I ran into an interesting problem today where I needed to convert a normal Unicode string to a Unicode encoded string as follows:
Converting \\\u9500\\u552e to \u9500\u552e is also known as selling.
At first glance it seems pretty simple, just use the re library to remove the leading backslash, but the following error is thrown during the replacement process:
Traceback (most recent call last):
File "<pyshell#15>", line 1, in <module>
(r"(\)\u", r'', t)
File "D:\Python36\lib\", line 191, in sub
return _compile(pattern, flags).sub(repl, string, count)
File "D:\Python36\lib\", line 301, in _compile
p = sre_compile.compile(pattern, flags)
File "D:\Python36\lib\sre_compile.py", line 562, in compile
p = sre_parse.parse(p, flags)
File "D:\Python36\lib\sre_parse.py", line 855, in parse
p = _parse_sub(source, pattern, flags & SRE_FLAG_VERBOSE, 0)

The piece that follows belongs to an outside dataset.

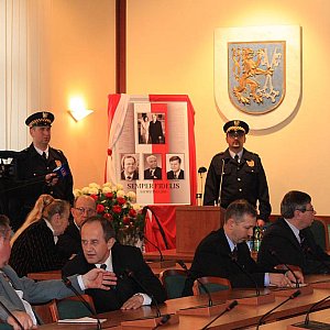 Na sali obrad legnickiej rady miejskiej było bardzo tłoczno. Poza radnymi i władzami miasta na sesję przybyli duchowni katoliccy i prawosławni, przedstawiciele służb mundurowych oraz środowisk kombatanckich. Pojawił się też lubiński poseł SLD Ryszard Zbrzyzny. Pozostali parlamentarzyści z naszego regionu w środowe popołudnie przebywali w Warszawie.[FOTORELACJA]2146[/FOTORELACJA]
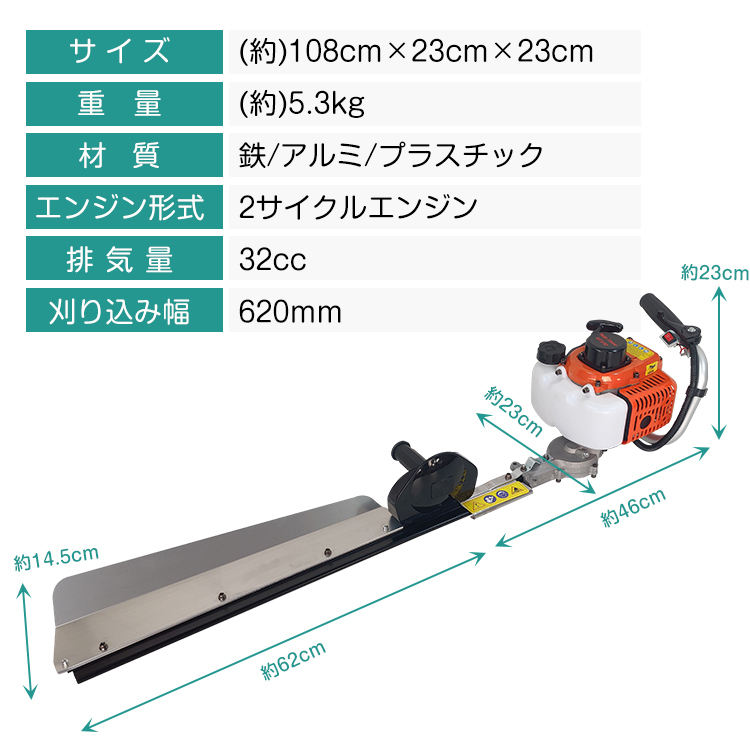【オータムセール」送料無料 ヘッジトリマー エンジン 片刃 620mm 32 手持ち バリカン 剪定 庭木 植木 生垣 庭園 草刈機 ny445

File "D:\Python36\lib\sre_parse.py", line 416, in _parse_sub
not nested and not items))
File "D:\Python36\lib\sre_parse.py", line 765, in _parse
p = _parse_sub(source, state, sub_verbose, nested + 1)
File "D:\Python36\lib\sre_parse.py", line 416, in _parse_sub
not nested and not items))
File "D:\Python36\lib\sre_parse.py", line 502, in _parse
code = _escape(source, this, state)
File "D:\Python36\lib\sre_parse.py", line 362, in _escape
raise ("incomplete escape %s" % escape, len(escape))
sre_constants.error: incomplete escape \u at position 3
This probably means that the remaining \u after removing the leading backspace bar does not form a complete character.
By this point the problem seems a bit insurmountable, would we give up at this point?
Of course not, a quick google search reveals that there are actually people who have run into this problem, and the solution is pretty ingenious.
It is also possible to use the loads method of the json library ...
The solution is as follows:
import json s = '\\u9500\\u552e' print((f'"{s}"'))
PS: python3 convert string unicode to Chinese
Record a frequently encountered problem:
The resulting text is printed as "\uxxxx", in python3 using ('unicode_escape') will report an error: 'str' object has no attribute 'decode'.
The correct posture is:
('utf-8').decode("unicode_escape")
This is the whole content of this article.